== Segment start ==
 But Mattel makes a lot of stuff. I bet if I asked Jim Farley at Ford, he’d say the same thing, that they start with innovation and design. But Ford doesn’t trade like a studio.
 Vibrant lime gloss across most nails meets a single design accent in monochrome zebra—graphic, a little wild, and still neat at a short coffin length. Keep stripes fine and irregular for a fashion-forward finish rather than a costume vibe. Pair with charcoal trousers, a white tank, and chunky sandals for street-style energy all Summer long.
== Segment end ==
== Segment start ==
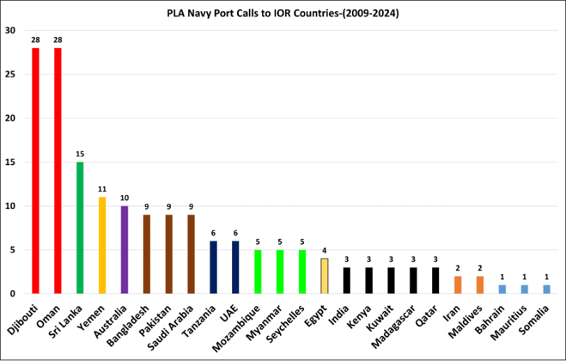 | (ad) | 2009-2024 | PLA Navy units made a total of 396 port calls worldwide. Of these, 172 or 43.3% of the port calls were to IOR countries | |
== Segment end ==
== Segment start ==
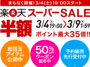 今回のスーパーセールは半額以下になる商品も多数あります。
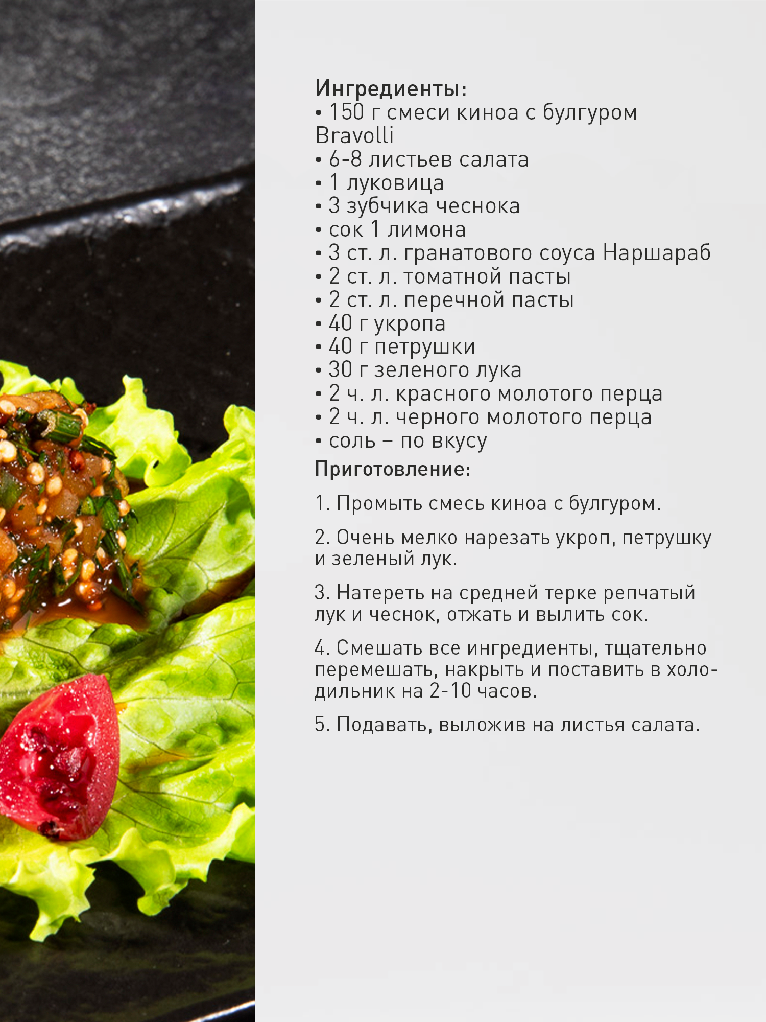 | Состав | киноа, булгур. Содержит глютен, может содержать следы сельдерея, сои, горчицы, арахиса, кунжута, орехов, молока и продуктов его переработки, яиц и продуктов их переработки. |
== Segment end ==
## Task statement
Reproduce the lines of the entries above from the one with "But Mattel makes" to the one with "Vibrant lime gloss", both included, exactly and without any other line.

## Result of this task
 But Mattel makes a lot of stuff. I bet if I asked Jim Farley at Ford, he’d say the same thing, that they start with innovation and design. But Ford doesn’t trade like a studio.
 Vibrant lime gloss across most nails meets a single design accent in monochrome zebra—graphic, a little wild, and still neat at a short coffin length. Keep stripes fine and irregular for a fashion-forward finish rather than a costume vibe. Pair with charcoal trousers, a white tank, and chunky sandals for street-style energy all Summer long.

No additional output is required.